僕ね、先生にあまり何も言われなかったなって感じがしていて、演じながらいいんだろうか、これでいいんだろうかってずっと思ってたんですよ。
西川さんって自分自身を分析して、常にもう一人の西川さんが自分をチェックしているの。迷探偵クナンだから(笑)。全部自分で発見してるんですよ。間違いっていうか「あれっ?」って思ったところが、あとになるとすぐに直っていたりして、すごい人だなぁって思ってました。手話って「読みとり」からなんですね。英語もヒアリングからっていいますけど、西川さんは読みとりがとってもできる人なんですよ。手話の技術って、心なんです。そういう意味で、キャラメルのみなさんは強いんだと思うんです。心がないと手話って覚えられない。形だけではない、記号でもない、心の言葉。大げさにいうと魂の言葉って言うんですか。手話が分からなくても何となく言ってることが分かるっていうのが大事なんです。だから、特に西川さんの前では忍足と内緒話はできないなぁって思ってるんですよ。全部読み取られちゃいそうで(笑)。
どうですかねぇ(笑)。今回僕はもっと楽しい部分を増やしたいなぁって思ってるんですよ。以前にやったときは「ちゃんとしなきゃ」って思いが強かったんですね。自分が手話に関して、キャリアがあるわけじゃないから。でも今度は分からないことはすぐ忍足さんや先生に聞けるから。僕はろう者のみなさんと一緒にワークショップをやって一番心に残っているのは、なんてみんながエネルギッシュで楽しいんだ、明るいんだろうってことなんですよ。この楽しさをお客さんに伝えたい。ろう者の方は、「面白い」ってことについてはすごくエネルギーがあると思うんですよ。

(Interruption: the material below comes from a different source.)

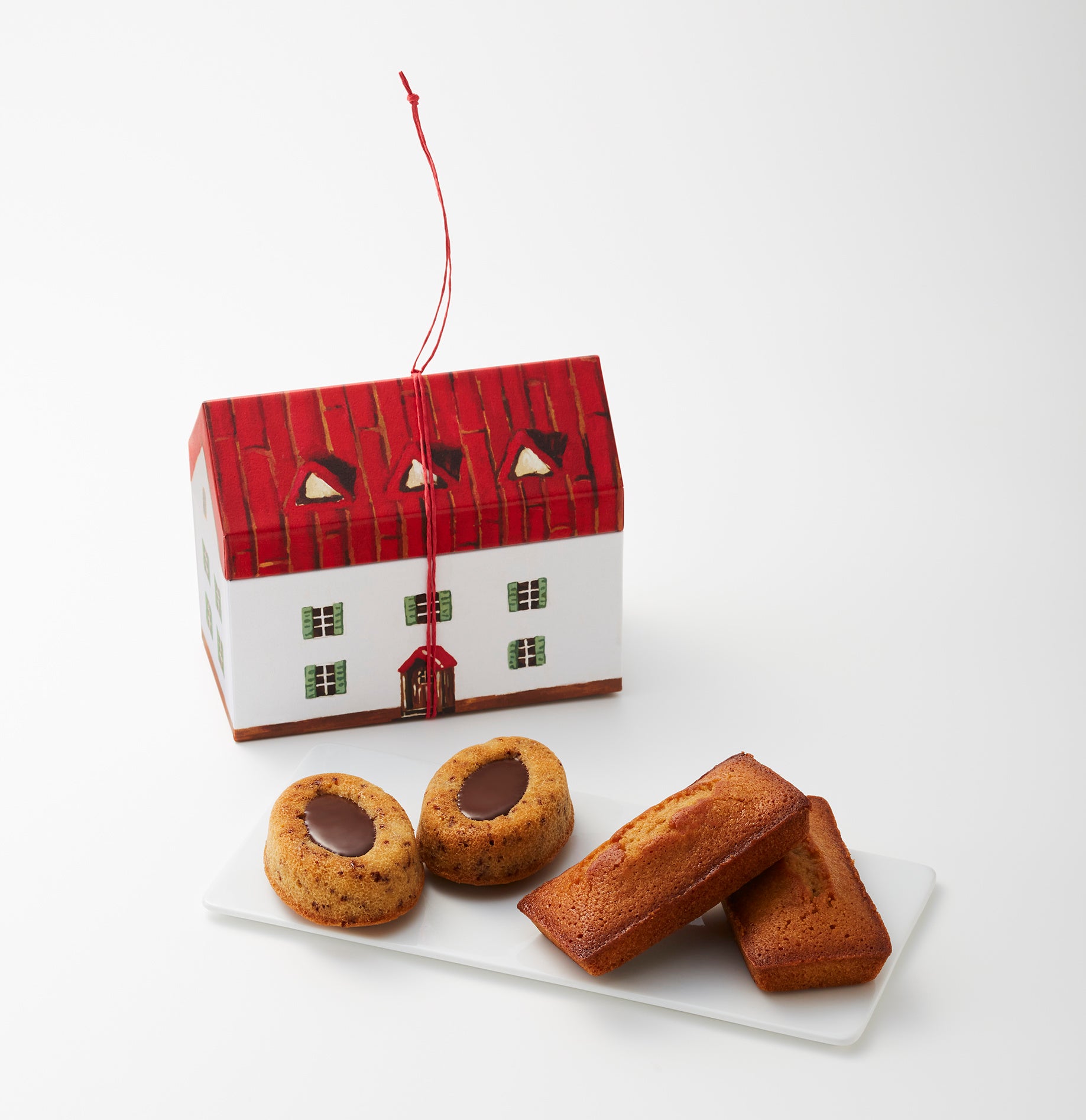 ノワ・ドゥ・ブールの代表商品「フィナンシェ」と香り豊かなフィナンシェ生地にチョコチップを入れて焼き上げ、チョコガナッシュをトッピングした「ティグレ」のかわいいおうち型の詰合せです。
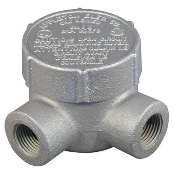 Conduit Outlet Body, Overall Width 2 7/16 in, Overall Height 2 7/8 in, Overall Length 3 7/8 in, Trade Size 1/2 in, Compatible Conduit Trade Size 1/2 in, Hub Size 1/2 in, Compatible Cover GRJK-S, GRJK-SC, Iron, GRJ, Compatible Conduit Type Threaded IMC, Indoor/Outdoor Usage Indoor/Outdoor, Back Type Round, Body Capacity 7.3 cu in, Body Style L, Body Type Conduit Outlet Body, Color Gray, Connection Orientation 90 Degrees , Connection Type Threaded, Cover Included Yes

そうですね。そう言ってもらえると嬉しいですねぇ。よくテレビドラマだと、どうしてもろう者が涙、涙で泣くシーンが多いんですけど、ろうの人ってあんな事では泣かないんですよ。
そうなんですか。
泣かないです。ドラマのようなシチュエーションでは泣かない。だからなんで暗いイメージになっちゃうのかなって、でもそれは分からないからなんだって。分からないから仕方のないことだから、では分かってもらうにはどうしたらいいか。私もテレビドラマなど私ができる範囲のなかで、それおかしいっていう時にはとことん主張してます。今回西川さんへのお願いなんですが、西川さんの笑いというかセリフで「これアドリブ? それともセリフ?」っていうものがたくさん飛び出してくるじゃないですか。聞こえる人が笑えるもの、でもろうの人がそれでは笑えない。ろうの人が笑っていて、聞こえる人が笑えない、そういう微妙なズレの時があります。でも手話にも言葉遊びがあったりするので、両方の立場で笑えるってものがあるはずなんですよ。それに是非挑戦してもらいたくて。
いいですね。それを是非1つ目標にします。
手話だけでなく、身体表現のなかでろうの人と聞こえる人が同時に笑ったら、もう本当に嬉しいですね。